Рувим происходил из древней семьи, из колена Вениамина, и еще за сотню лет до изгнания предки его занимались кузнечным ремеслом, орудуя молотом и мехами. А в то время, когда евреи томились в вавилонском плену, предки Рувима были среди тех, кто остались в Иудее, и в течение трех поколений они жили в пещерах, как звери. Рувим умел обращаться с любым металлом и, подобно многим еврейским кузнецам, он знал секрет силиката Мертвого моря — знал, как его смешивать и плавить и выдувать из него стекло. Он был не больно-то учен, и меня еще ребенком смешило, как он с трудом читал Тору. Как-то я посмеялся над ним громко, и адон надрал мне уши, приговаривая:

— Прибереги свой смех для глупцов; оставь в покое человека, которому известны такие тайны мастерства, которые тебе и во сне не приснятся.
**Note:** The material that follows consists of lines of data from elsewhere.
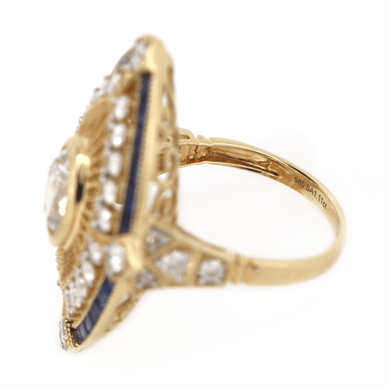 14K YELLOW GOLD, BLUE SAPPHIRE AND DIAMOND, ART DECO RING.
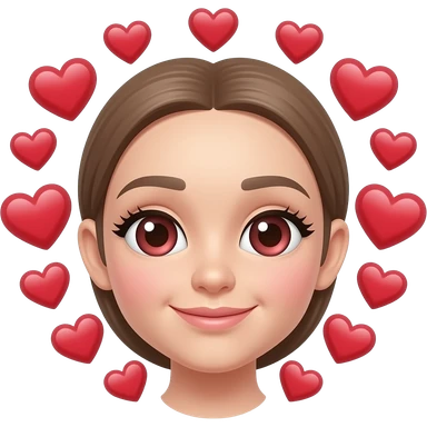 Un emoji classique avec plein de cœur autour de lui et avec les pommettes rouges emoji
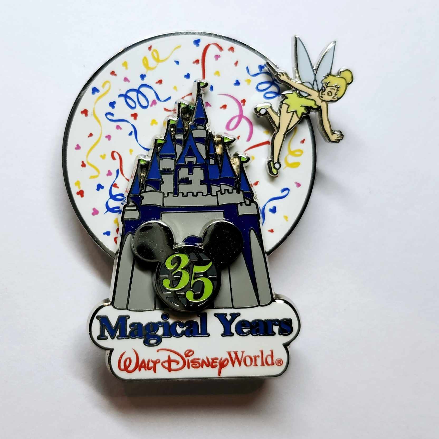Tinker Bell celebrates 35 Magical Years at Walt Disney World ® Resort in this Open Edition pin. This pin features both pin on pin and spinning elements. This is a five (5)layer pin. The first layer consists of the back of the pin with a single stake. The second layer is Tinker Bell on a sliding arm that is formed around the third layer. The third layer is a spinning disc featuring multi-colored confetti streams and hidden Mickey heads on a white background. The colors are blue, pink, orange and yellow. Tinker Bell, with her wand, slides across the top. The fourth layer is Cinderella's castle in gray with blue spires. Beneath the castle, written in blue is, "Magical Years". Beneath this is written, "Walt Disney World®", in red. The fifth layer is a silver Mickey head with, "35" written in green
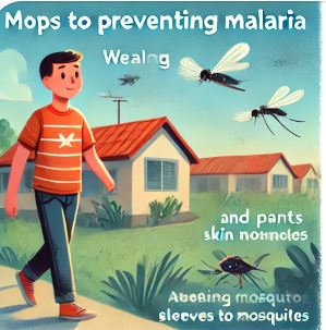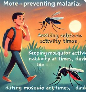 - 모기 퇴치제 사용: 말라리아를 전파하는 모기에 물리지 않도록 하기 위해, DEET 성분이 포함된 모기 퇴치제를 사용하세요. 노출되는 피부에 꼼꼼히 바르고, 필요시 자주 덧발라야 합니다.
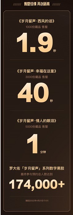 4月21日,“音樂教父”羅大佑攜手TME數(shù)字藏品推出的「歲月留聲」系列數(shù)字黑膠壓軸之作《歲月留聲·西風(fēng)的話》正式登陸QQ音樂,引發(fā)搶購熱潮。截至目前,「歲月留聲」三張數(shù)字黑膠累計(jì)預(yù)約人數(shù)超17.4萬+;從樂迷熱烈的追捧中不難發(fā)現(xiàn),系列數(shù)字黑膠不僅擁有極高的藝術(shù)價(jià)值,還以數(shù)字藏品形式充分挖掘了羅大佑音樂作品的收藏價(jià)值,讓樂迷擁有了獨(dú)一無二的收藏體驗(yàn)。
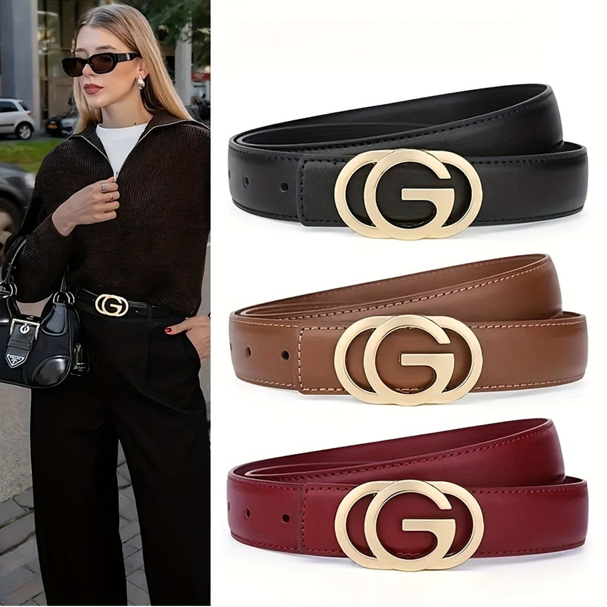 크로스보더 여성용 벨트, 천연 가죽, 다용도 장식 벨트, 유럽 및 미국 스타일, 블랙, 비즈니스, 심플, 패셔너블, OL 스타일스토어 가기
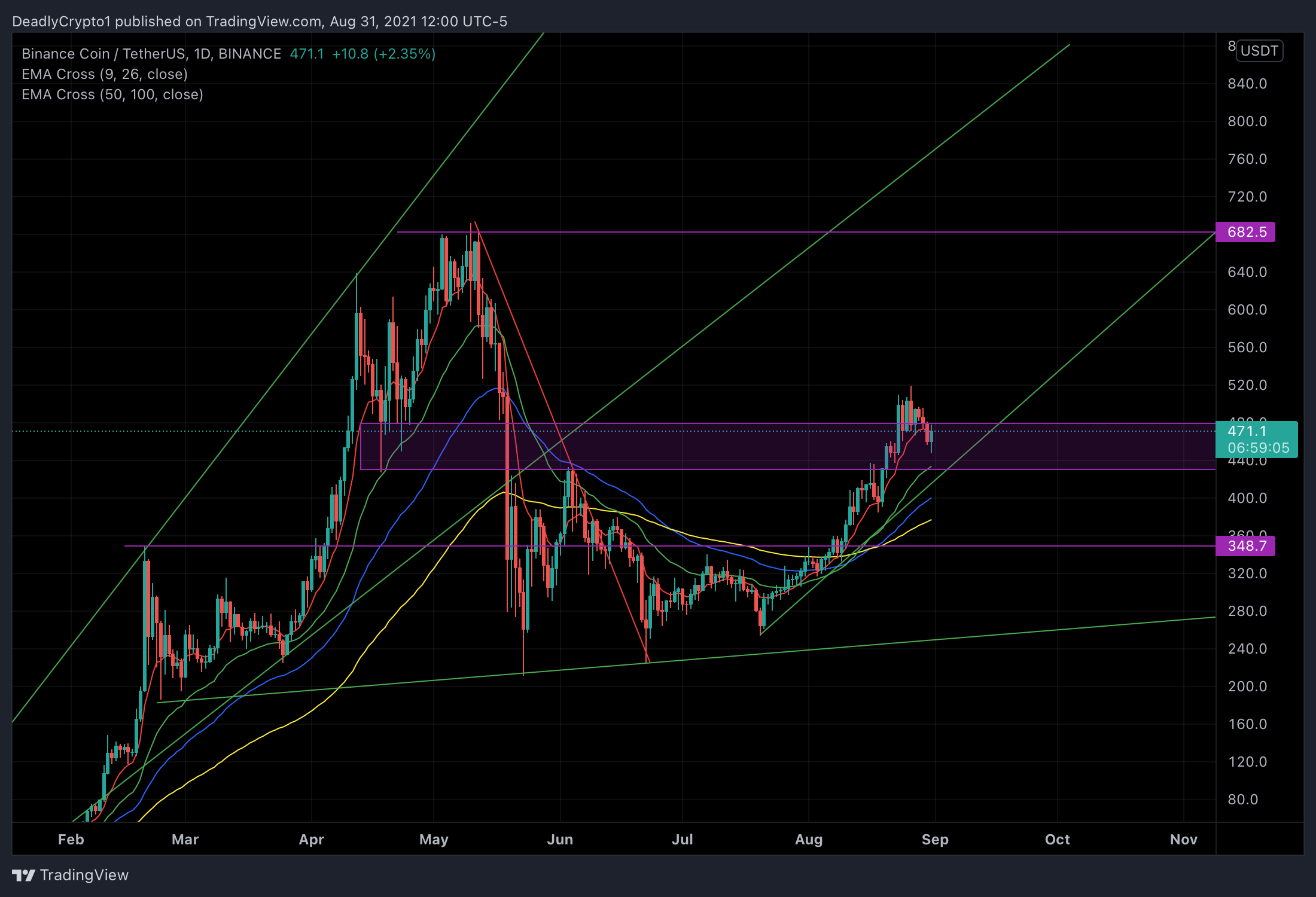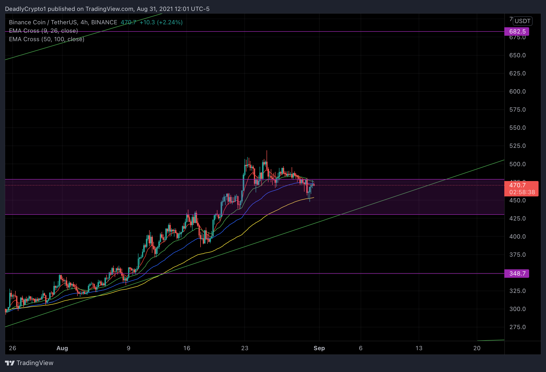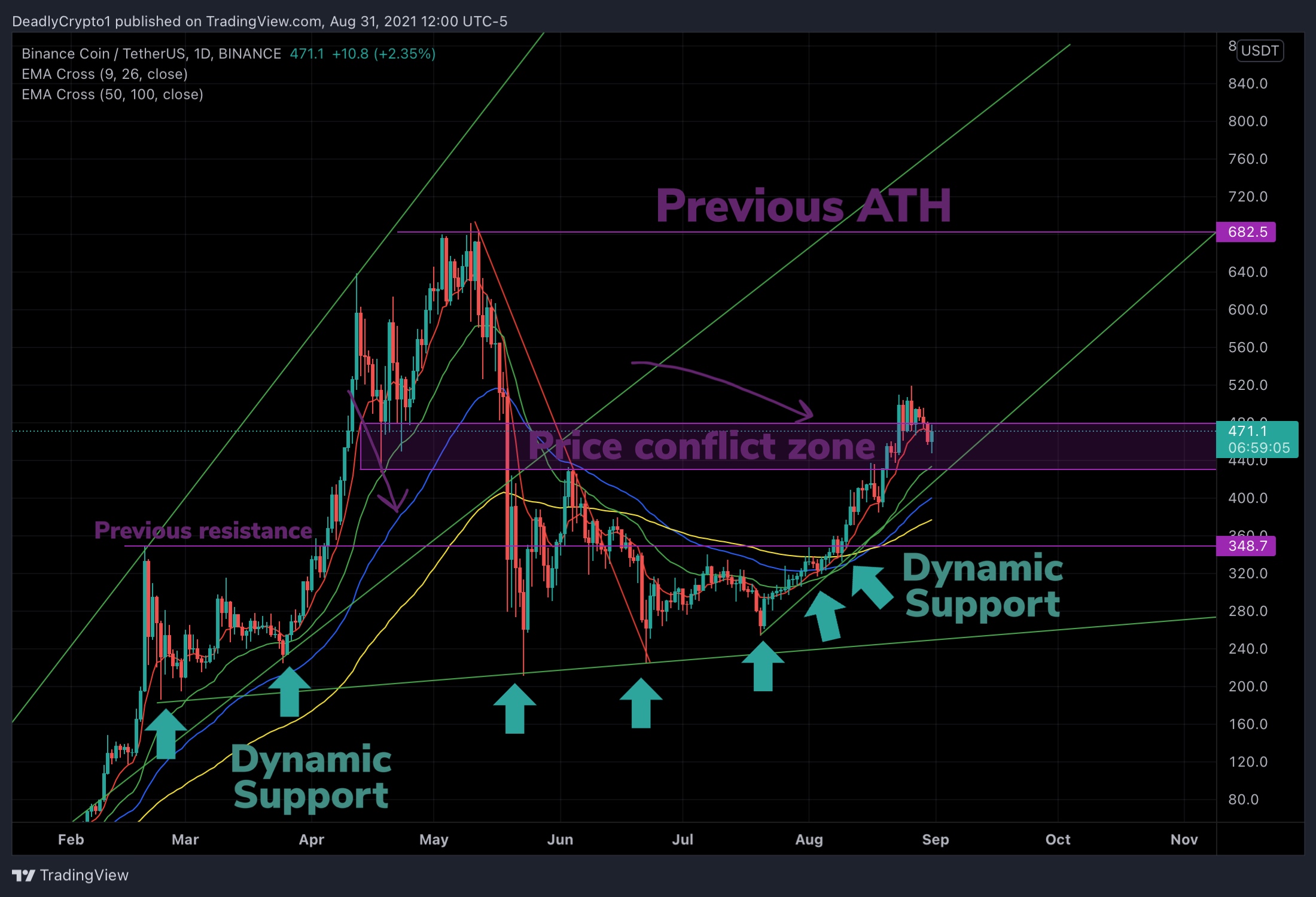 This coin is showing a different market structure than most other coins. Many coins have found obvious areas of support/resistance yet BNB is showing ranging price conflictions and dynamic support lines throughout. There is a technical valid uptrend indicated by the upward sloping green line labeled dynamic support. There aren’t too many indicators telling us that this should be shorted in the bigger picture.

В этот вечер адон попросил кузнеца прийти. Не часто бывал Рувим в нашем доме. Его жена обычно скребла и терла его одежду так, что она сияла на нем белее горного снега. Он вошел к нам смущенно и робко, и когда адон пригласил его сесть с нами за стол, он покачал головой и ответил:

— Если позволит адон, я постою.

Мой отец, который понимал, как обходиться с каждым человеком, не настаивал, и кузнец продолжал стоять всю беседу. Этот неразговорчивый, непробиваемого спокойствия человек был полной противоположностью нервному, порывистому рабби Рагешу, который не мог минуты усидеть на месте, все время вскакивал, бегал по комнате взад и вперед, набрасывался на всех, подкрепляя свои слова ударами кулака по ладони другой руки. Он кричал:

— Восстание! Восстание! Восстание! Пусть это слово станет нашим кличем, пусть оно облетит всю страну, от севера и до тога, везде, где живут евреи! Восстать! Разбить угнетателей!

— А они разобьют нас, — спокойно сказал адон.
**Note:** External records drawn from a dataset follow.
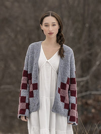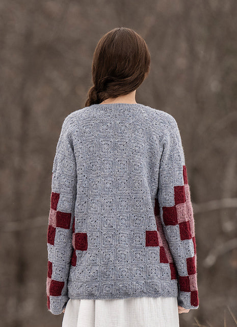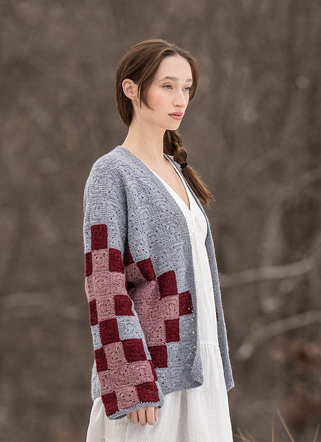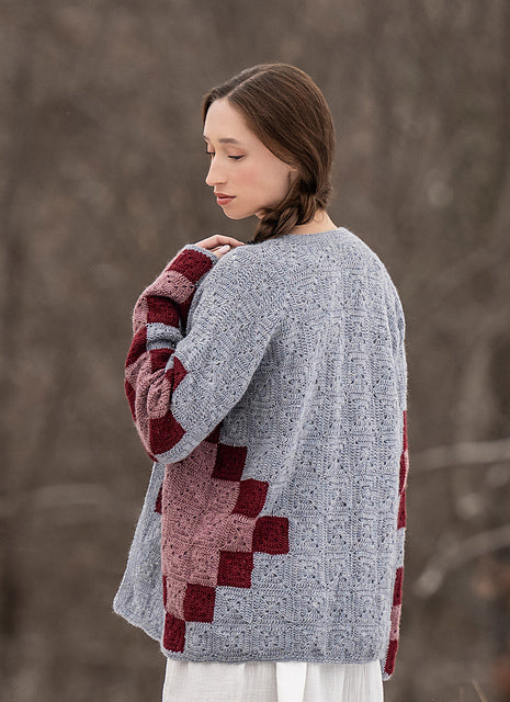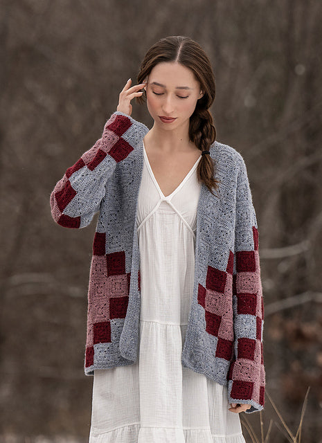 This unique cardigan uses simple, solid granny squares to mimic the blocks of an heirloom quilt. Crocheted in Woolstok Light this cardigan is lovely and provides extra warmth.
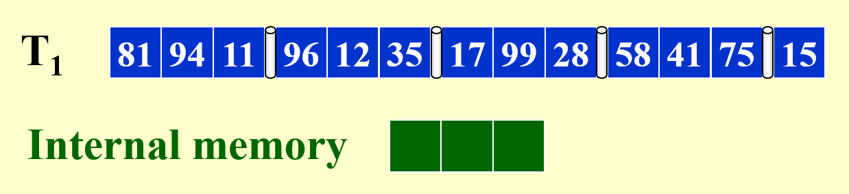 回顾前面学过的排序算法,我们发现归并排序(mergesort) 是最适合作为外部排序的算法。为了简化后续的分析过程,我们假定:
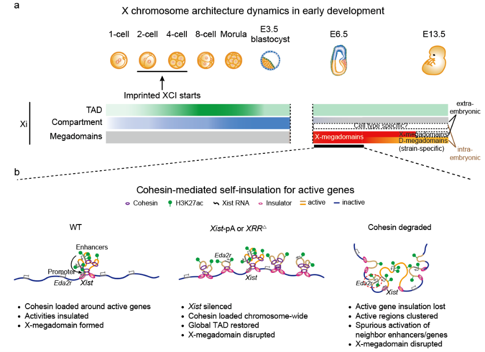 8xbet.com生命科学学院颉伟实验室和合作者前期围绕染色体三维结构在哺乳动物生殖和胚胎发育过程中的变化规律和功能进行了一系列研究,包括精子发生、卵子发生、着床前胚胎、着床后胚胎和核移植过程等。然而,染色体三维结构在雌性胚胎发育早期X染色体失活过程中的动态变化过程、机制和功能仍不清楚。

— Ах, как мне опротивели такие речи! — воскликнул в сердцах Рагеш.

— Моя кровь кипит так же, как и твоя, — холодно сказал отец. — Я стоял перед своими людьми, и Апелл ударил меня по лицу, а я стерпел и стоял неподвижно, иначе наша деревня не дожила бы до следующего утра. И когда я пришел в Храм и увидел свиную голову на алтаре, я проглотил свое горе и свою ярость. Умереть легко, рабби! Но научи меня, как сражаться и выжить.
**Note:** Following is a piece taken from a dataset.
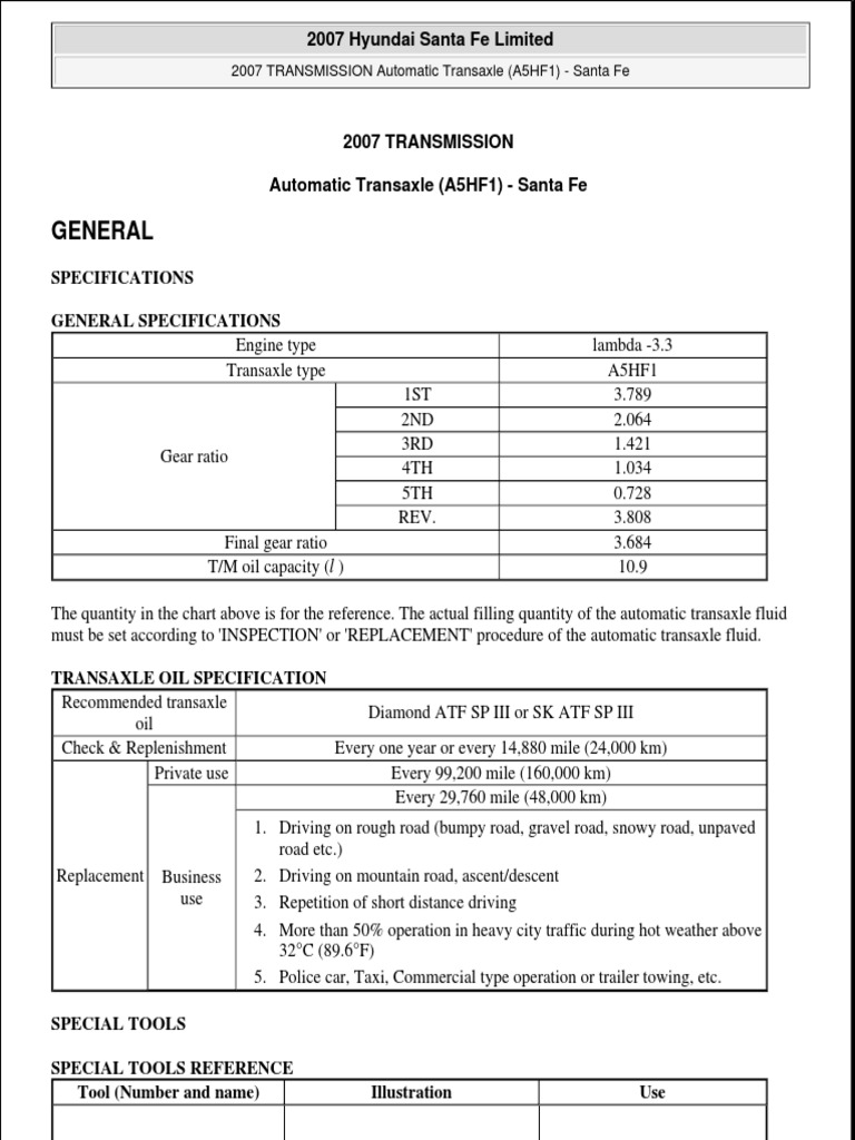 2004 Hyundai Santa Fe Recommended Synthetic Oil And Filter

— Назад пути не будет, — сказал Иоханан, и его длинное лицо выражало скорбь и тревогу. — У нас не случиться того, что случилось на юге, где кучка людей ушла в горы н там погибла. Вся страна встанет, как один, если люди узнают, что адон Мататьягу бен Иоханан из Модиина поднялся против греков. Но потом, когда к нам нагрянет войско в двадцать, или тридцать, или сто тысяч наемников, — кто останется тогда в Израиле, чтобы оплакать мертвых?

— Мы выстоим! — крикнул Рагеш. — Что думаешь ты, Шимъон ?

Я покачал головой.

— Не меня спрашивать об этом. Мне сейчас милее умереть, чем жить. Но это будет такая же резня, как тогда, когда восставали наши отцы и наши деды. Наемника начинают воспитывать лет с шести. Он растет в военном лагере; днем и ночью его учат убивать. Только это он и умеет; и только для того он живет, чтобы носить на себе сорок фунтов доспехов и вооружения, чтобы сражаться в строю, в фалангах, прикрываясь щитом и орудуя боевым топором и мечом. А у нас — только ножи и луки. Что же до мечей и доспехов… Рувим, сколько человек ты мог бы вооружить здесь, в Модиине, чтобы у каждого был меч, копье, щит и нагрудник — хотя бы только это, без наколенников, шлема и налокотников?

— Из железа? — спросил кузнец.

— Из железа.

Кузнец подумал, подсчитал что-то на пальцах и ответил:

— Если перековать лемехи плугов, серпы и мотыги, я мог бы сделать вооружение человек для двадцати. Но это дело долгое, — вздохнул он. — А как мы соберем урожай, если мы перекуем плуги на мечи?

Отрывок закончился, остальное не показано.